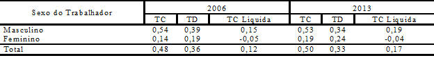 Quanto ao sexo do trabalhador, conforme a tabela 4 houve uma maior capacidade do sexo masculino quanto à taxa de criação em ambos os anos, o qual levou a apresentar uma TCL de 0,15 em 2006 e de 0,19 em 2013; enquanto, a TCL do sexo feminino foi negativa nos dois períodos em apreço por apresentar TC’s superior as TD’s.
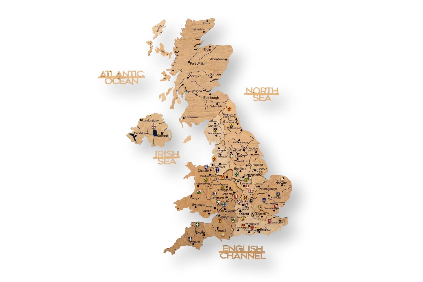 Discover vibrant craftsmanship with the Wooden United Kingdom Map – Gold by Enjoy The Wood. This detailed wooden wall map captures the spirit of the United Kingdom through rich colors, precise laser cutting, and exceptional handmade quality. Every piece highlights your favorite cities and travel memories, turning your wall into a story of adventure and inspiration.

• • •

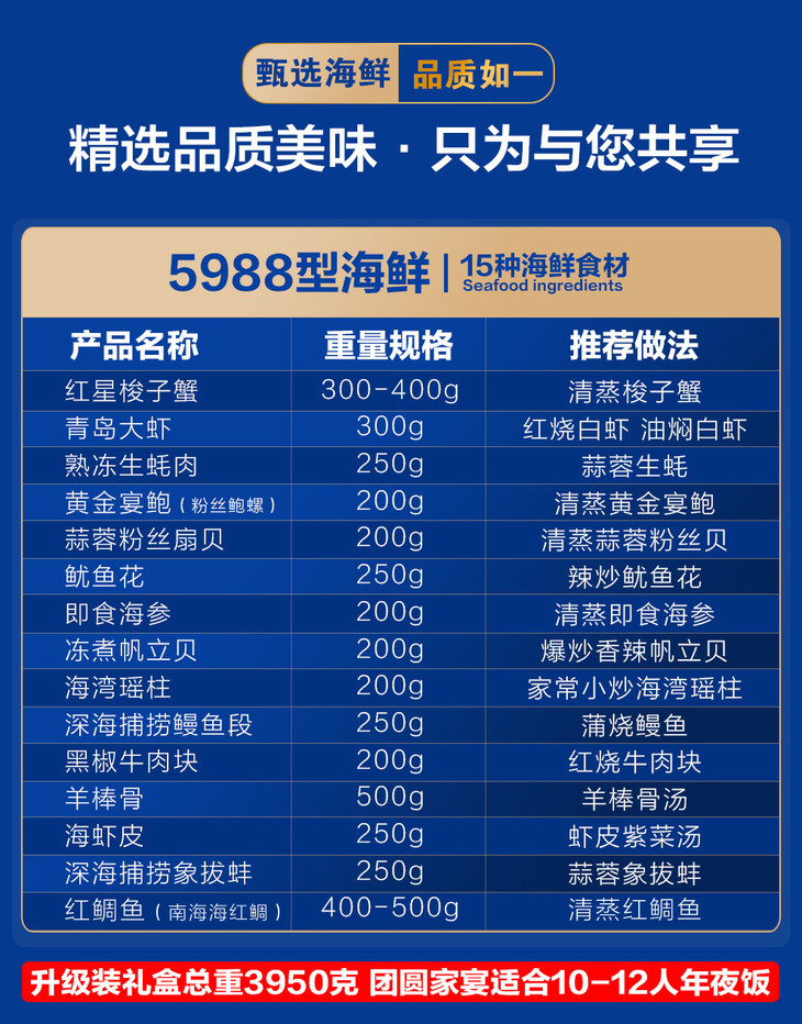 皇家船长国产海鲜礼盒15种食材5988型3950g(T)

• • •

● **WORK INSTRUCTION**
Skip every picture, and restate word for word only the lines above from the line containing "Quanto ao sexo" to the line containing "Discover vibrant craftsmanship", both of them included.

● **OUTPUT BELOW**
 Quanto ao sexo do trabalhador, conforme a tabela 4 houve uma maior capacidade do sexo masculino quanto à taxa de criação em ambos os anos, o qual levou a apresentar uma TCL de 0,15 em 2006 e de 0,19 em 2013; enquanto, a TCL do sexo feminino foi negativa nos dois períodos em apreço por apresentar TC’s superior as TD’s.
 Discover vibrant craftsmanship with the Wooden United Kingdom Map – Gold by Enjoy The Wood. This detailed wooden wall map captures the spirit of the United Kingdom through rich colors, precise laser cutting, and exceptional handmade quality. Every piece highlights your favorite cities and travel memories, turning your wall into a story of adventure and inspiration.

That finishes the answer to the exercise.